I could adduce many arguments in favour of taking education out of the community charge, but I shall restrict myself to a few because I wish to be brief, and to take no more than about three minutes. The Government have rightly made education more of a national concern. We have the national curriculum and the possibility of schools opting out. It is conceivable, but not likely, that within the decade a considerable number of schools will no longer be under the jurisdiction of local authorities.
For the foreseeable future, we shall have a declining young population. Therefore, increasingly those who pay the poll tax or community charge will not benefit directly from education in the way that they benefit from other local authority services. Logic and equity both point in one direction : we should remove the burden of education from local government and give it to the Chancellor of the Exchequer.
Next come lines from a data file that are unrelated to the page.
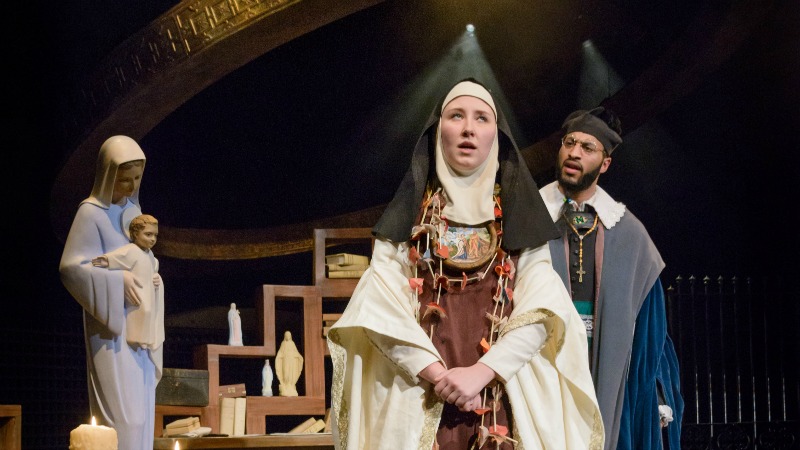 The symbolic set is formed of two concentric circles, one for Juana’s study and one for the other scenes, where iron gates both protect and constrict. At one point, the nuns’ elaborate headdresses get a laugh and rightly so: Lizzy Leech’s costumes are lavish and well-constructed.
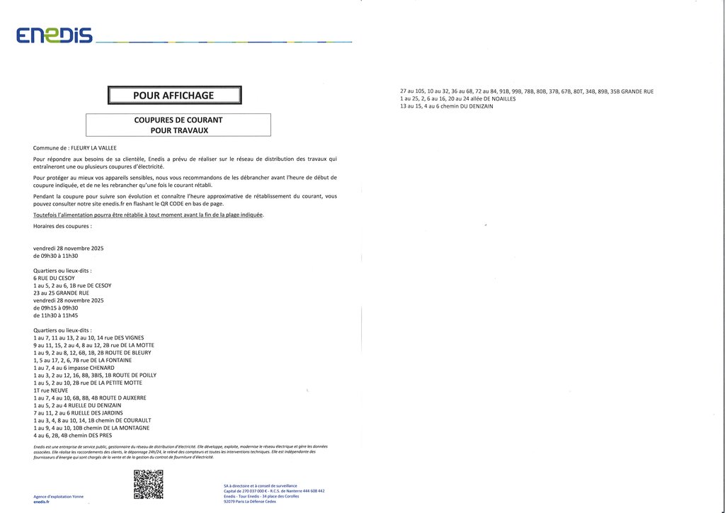 ENEDIS - COUPURES DE COURANT POUR TRA...
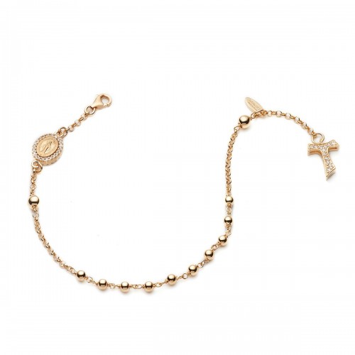 Bracciale ROSARIO double face in argento 925 placcato oro rosa 22kt con medaglia raffigurante da un lato la Madonna Miracolosa e dall'altro San Francesco con il lupo, con croce finale Tau pendente. Medaglia e croce con pavè di zirconi ambo i lati.

None of us in the House is completely stupid, so we know that education must be paid for. However, the Chancellor of the Exchequer has many opportunities of raising revenue, as we have been reminded during the past week. If education were removed from the responsibility of local authorities, it would have a dramatic effect. It would have a dramatic political effect on the Government, which I would welcome. I am sure that hon. Members from all parties who are worried, as I am, about the bills that people will have to pay would welcome anything that would reduce the bills significantly. It is no good the Government tinkering at the edge or providing extra money here and there. It has been calculated that, if the Government gave another £3 billion to £4 billion between this year and next, the present level could be maintained. That would be wholly unacceptable. Therefore, let us deal with the matter and grasp this nettle. Will my right hon. and learned Friend take my right hon. Friend the Prime Minister on one side this very night and urge upon her the course that I recommend?